Therapist: Mmm hmm. How often are you drinking? How many days in the past month, would you say?
Kyle: At least a beer every day. But some days, it's a lot more than that.
Therapist: [gentle] Yeah, we've talked about that too, eh? How alcohol—at least in the moment—can be effective in dulling the pain. What worries me, Kyle—and I know we've talked about this—is that drinking can also increase the risk that you might do something to hurt yourself. [pause] Lately when you're drinking, it could be one beer up to … What would be the most you'd drink in one day?
Kyle: I don't even know … maybe six beers, plus a few glasses of Jameson or something … I sometimes lose track.
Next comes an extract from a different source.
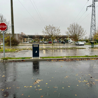 Tirsdag bød på mye regn gjennom hele Frankrike. Ladepausene ble i hovedsak tilbrakt innendørs, ofte i bilen. Kapteinens raggsokker med garn fra All you knit is love i Barcelona ble ferdige under ladepausen i Artenay, hvor det bøtta ned utenfor vinduene! 🌧️ Akkurat her var det tak over Tessie, og inne hadde vi det tørt og godt. 😊

Therapist: [empathic] It sounds like you're in a lot of pain right now, Kyle. What I'm hearing is that you just want to make that pain go away. To make it disappear. It's common for people with similar experiences to yours―a long battle with depression, overwhelming stress, major financial loss, the painful emotions that come with relapse―all of this happening at once―to consider suicide. Based on everything you've told me, I'm really worried about you. I want to help you stay safe right now.
Kyle: Okay …
Therapist: Do you remember when we talked about confidentiality and those times in therapy when I have to break confidentiality?
Kyle: Kind of …
Therapist: This is one of those times. Depending on what we decide to do together, in order to keep you safe right now, I have to let others know that I'm worried about you. I'm worried about the risk of you hurting yourself or following through with your plan to kill yourself.
Kyle: Okay … um, well, what does that mean?
Therapist: I'm going to suggest―and I've done this with other clients―that we go to the emergency room together, right now. It's very important that you're not alone right now. If you've been to the ER before, you probably know somewhat what to expect. You'll first see a triage nurse and tell her why you came. I'll be there if you want some support describing things. And then we play the waiting game. We'll have to wait for a while until you see a psychiatrist who will ask you similar questions to the ones I've asked you today. I know it can be uncomfortable talking about this stuff with a stranger, but it's important that you be honest with them, as honest as you've been with me. The doctor will decide if they think the best plan is to keep you at the hospital, and for how long, or something else. I can stay with you throughout this process, but I'm wondering if there's someone else who you might want there with you?
Kyle: I don't have anyone.
Therapist: Okay. I'll be there with you. Does that sound like a plan? We can take a taxi together and leave now.
Kyle: Umm … I'd rather not. I hate the hospital.
Therapist: [empathic] I know. It's not an easy place to be. But I'm suggesting we go there right now because I'm worried about you. It's the one place I know of that you'll be safe. And you don't have to go alone. I'll be there with you.